## Information given

-=-=-

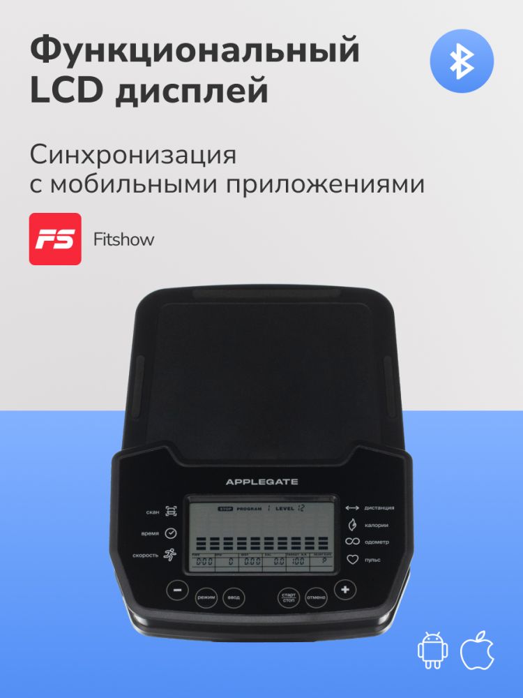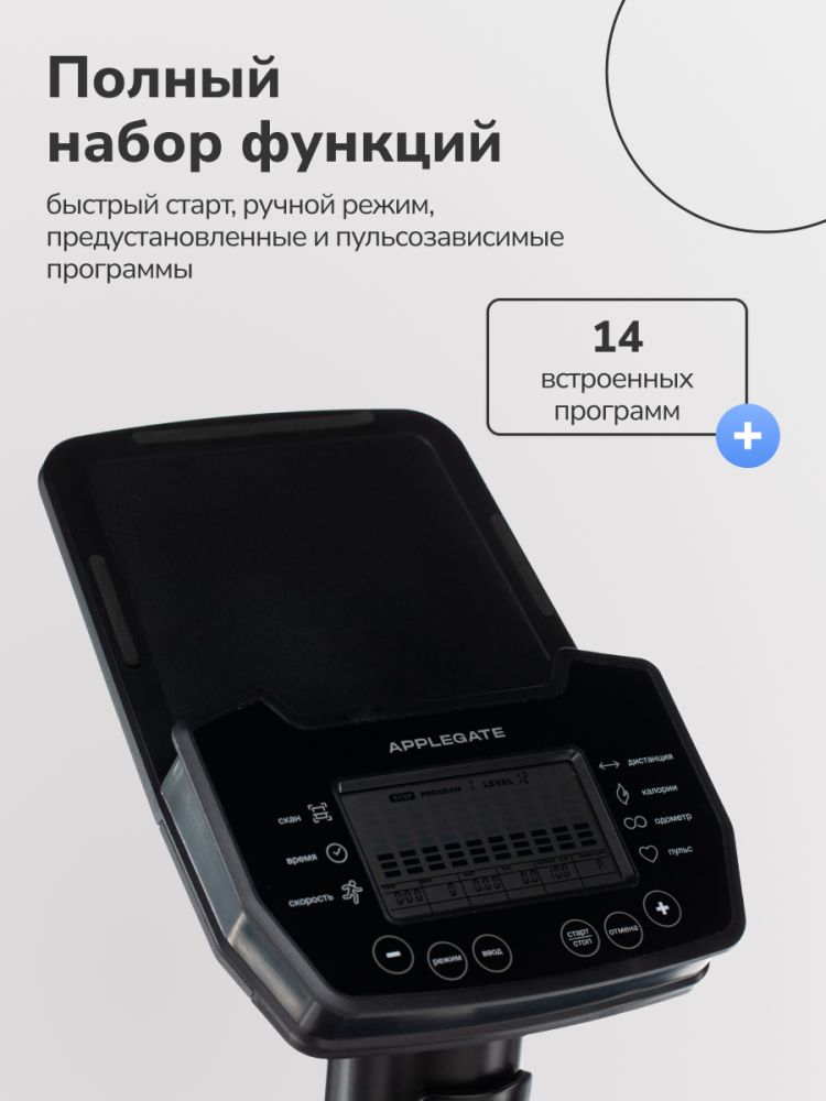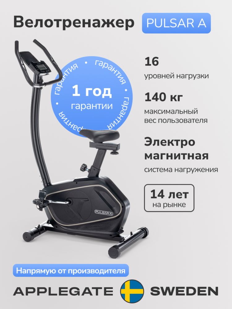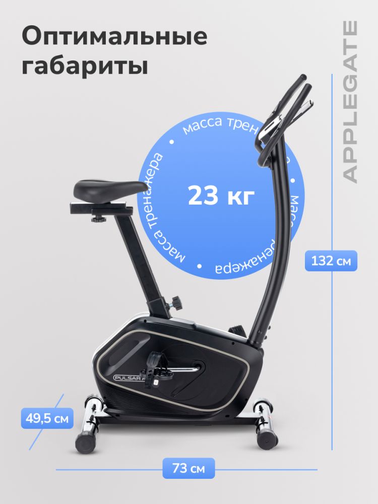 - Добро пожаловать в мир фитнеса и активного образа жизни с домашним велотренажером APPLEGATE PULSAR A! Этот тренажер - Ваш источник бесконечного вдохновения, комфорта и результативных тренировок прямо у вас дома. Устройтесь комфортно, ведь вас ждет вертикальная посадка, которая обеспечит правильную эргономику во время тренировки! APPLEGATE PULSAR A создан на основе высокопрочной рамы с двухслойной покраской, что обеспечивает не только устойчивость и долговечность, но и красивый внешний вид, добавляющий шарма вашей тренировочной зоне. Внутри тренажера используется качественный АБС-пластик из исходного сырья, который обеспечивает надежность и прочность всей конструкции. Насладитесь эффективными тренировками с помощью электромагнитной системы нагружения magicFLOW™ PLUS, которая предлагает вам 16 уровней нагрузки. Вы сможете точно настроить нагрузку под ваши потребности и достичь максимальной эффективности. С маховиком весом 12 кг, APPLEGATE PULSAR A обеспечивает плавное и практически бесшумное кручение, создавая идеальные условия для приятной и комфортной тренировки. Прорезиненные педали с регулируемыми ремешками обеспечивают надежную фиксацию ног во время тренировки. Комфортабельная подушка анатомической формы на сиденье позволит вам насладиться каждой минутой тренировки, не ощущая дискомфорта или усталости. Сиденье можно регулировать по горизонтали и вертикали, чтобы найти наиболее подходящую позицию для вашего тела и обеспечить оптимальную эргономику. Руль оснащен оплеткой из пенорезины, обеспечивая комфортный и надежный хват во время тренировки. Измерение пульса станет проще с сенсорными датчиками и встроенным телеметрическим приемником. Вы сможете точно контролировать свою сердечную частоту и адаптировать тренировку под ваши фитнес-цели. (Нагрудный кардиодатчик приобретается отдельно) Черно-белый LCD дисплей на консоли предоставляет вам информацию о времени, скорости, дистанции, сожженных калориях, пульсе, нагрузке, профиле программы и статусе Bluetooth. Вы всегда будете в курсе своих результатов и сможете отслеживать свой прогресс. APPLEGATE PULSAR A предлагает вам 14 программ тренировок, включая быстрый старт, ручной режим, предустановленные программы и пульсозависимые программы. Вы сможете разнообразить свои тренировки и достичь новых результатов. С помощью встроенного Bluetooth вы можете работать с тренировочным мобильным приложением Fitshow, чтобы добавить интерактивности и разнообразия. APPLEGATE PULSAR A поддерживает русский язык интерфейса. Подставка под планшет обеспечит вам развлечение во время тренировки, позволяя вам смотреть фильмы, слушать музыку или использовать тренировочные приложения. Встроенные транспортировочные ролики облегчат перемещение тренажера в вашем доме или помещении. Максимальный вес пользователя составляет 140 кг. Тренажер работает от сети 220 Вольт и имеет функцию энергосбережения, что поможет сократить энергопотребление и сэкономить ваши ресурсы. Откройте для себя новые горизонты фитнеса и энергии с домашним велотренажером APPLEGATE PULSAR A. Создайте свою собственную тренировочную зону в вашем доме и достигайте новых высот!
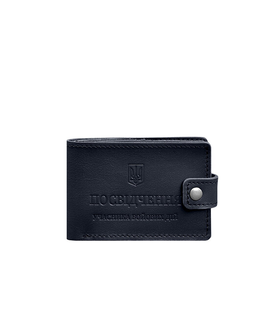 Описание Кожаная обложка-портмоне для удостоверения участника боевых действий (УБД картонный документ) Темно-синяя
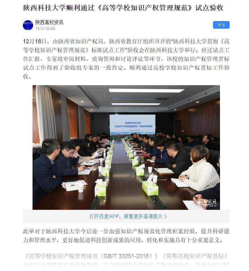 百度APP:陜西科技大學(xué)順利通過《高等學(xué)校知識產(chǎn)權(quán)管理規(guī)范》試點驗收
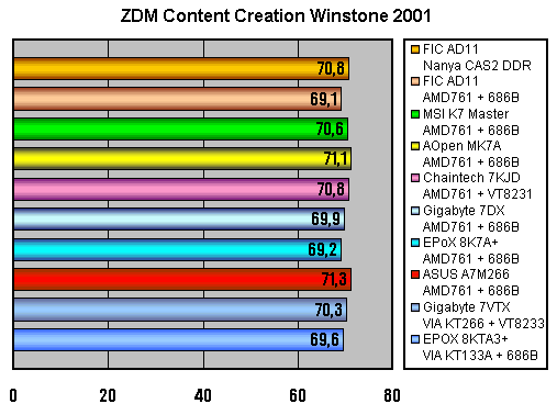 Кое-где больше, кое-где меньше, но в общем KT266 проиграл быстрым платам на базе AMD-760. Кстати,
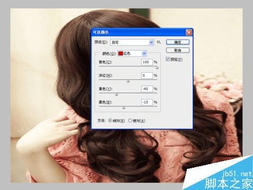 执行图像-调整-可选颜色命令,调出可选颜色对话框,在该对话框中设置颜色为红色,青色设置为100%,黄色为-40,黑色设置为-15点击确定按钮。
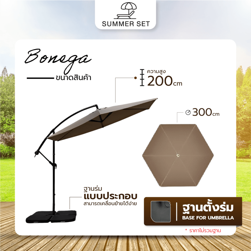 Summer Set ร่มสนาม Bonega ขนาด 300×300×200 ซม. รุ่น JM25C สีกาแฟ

-=-=-

Transcribe each line of the material above verbatim, but do not include the images.

 - Добро пожаловать в мир фитнеса и активного образа жизни с домашним велотренажером APPLEGATE PULSAR A! Этот тренажер - Ваш источник бесконечного вдохновения, комфорта и результативных тренировок прямо у вас дома. Устройтесь комфортно, ведь вас ждет вертикальная посадка, которая обеспечит правильную эргономику во время тренировки! APPLEGATE PULSAR A создан на основе высокопрочной рамы с двухслойной покраской, что обеспечивает не только устойчивость и долговечность, но и красивый внешний вид, добавляющий шарма вашей тренировочной зоне. Внутри тренажера используется качественный АБС-пластик из исходного сырья, который обеспечивает надежность и прочность всей конструкции. Насладитесь эффективными тренировками с помощью электромагнитной системы нагружения magicFLOW™ PLUS, которая предлагает вам 16 уровней нагрузки. Вы сможете точно настроить нагрузку под ваши потребности и достичь максимальной эффективности. С маховиком весом 12 кг, APPLEGATE PULSAR A обеспечивает плавное и практически бесшумное кручение, создавая идеальные условия для приятной и комфортной тренировки. Прорезиненные педали с регулируемыми ремешками обеспечивают надежную фиксацию ног во время тренировки. Комфортабельная подушка анатомической формы на сиденье позволит вам насладиться каждой минутой тренировки, не ощущая дискомфорта или усталости. Сиденье можно регулировать по горизонтали и вертикали, чтобы найти наиболее подходящую позицию для вашего тела и обеспечить оптимальную эргономику. Руль оснащен оплеткой из пенорезины, обеспечивая комфортный и надежный хват во время тренировки. Измерение пульса станет проще с сенсорными датчиками и встроенным телеметрическим приемником. Вы сможете точно контролировать свою сердечную частоту и адаптировать тренировку под ваши фитнес-цели. (Нагрудный кардиодатчик приобретается отдельно) Черно-белый LCD дисплей на консоли предоставляет вам информацию о времени, скорости, дистанции, сожженных калориях, пульсе, нагрузке, профиле программы и статусе Bluetooth. Вы всегда будете в курсе своих результатов и сможете отслеживать свой прогресс. APPLEGATE PULSAR A предлагает вам 14 программ тренировок, включая быстрый старт, ручной режим, предустановленные программы и пульсозависимые программы. Вы сможете разнообразить свои тренировки и достичь новых результатов. С помощью встроенного Bluetooth вы можете работать с тренировочным мобильным приложением Fitshow, чтобы добавить интерактивности и разнообразия. APPLEGATE PULSAR A поддерживает русский язык интерфейса. Подставка под планшет обеспечит вам развлечение во время тренировки, позволяя вам смотреть фильмы, слушать музыку или использовать тренировочные приложения. Встроенные транспортировочные ролики облегчат перемещение тренажера в вашем доме или помещении. Максимальный вес пользователя составляет 140 кг. Тренажер работает от сети 220 Вольт и имеет функцию энергосбережения, что поможет сократить энергопотребление и сэкономить ваши ресурсы. Откройте для себя новые горизонты фитнеса и энергии с домашним велотренажером APPLEGATE PULSAR A. Создайте свою собственную тренировочную зону в вашем доме и достигайте новых высот!
 Описание Кожаная обложка-портмоне для удостоверения участника боевых действий (УБД картонный документ) Темно-синяя
 百度APP:陜西科技大學(xué)順利通過《高等學(xué)校知識產(chǎn)權(quán)管理規(guī)范》試點驗收
 Кое-где больше, кое-где меньше, но в общем KT266 проиграл быстрым платам на базе AMD-760. Кстати,
 执行图像-调整-可选颜色命令,调出可选颜色对话框,在该对话框中设置颜色为红色,青色设置为100%,黄色为-40,黑色设置为-15点击确定按钮。
 Summer Set ร่มสนาม Bonega ขนาด 300×300×200 ซม. รุ่น JM25C สีกาแฟ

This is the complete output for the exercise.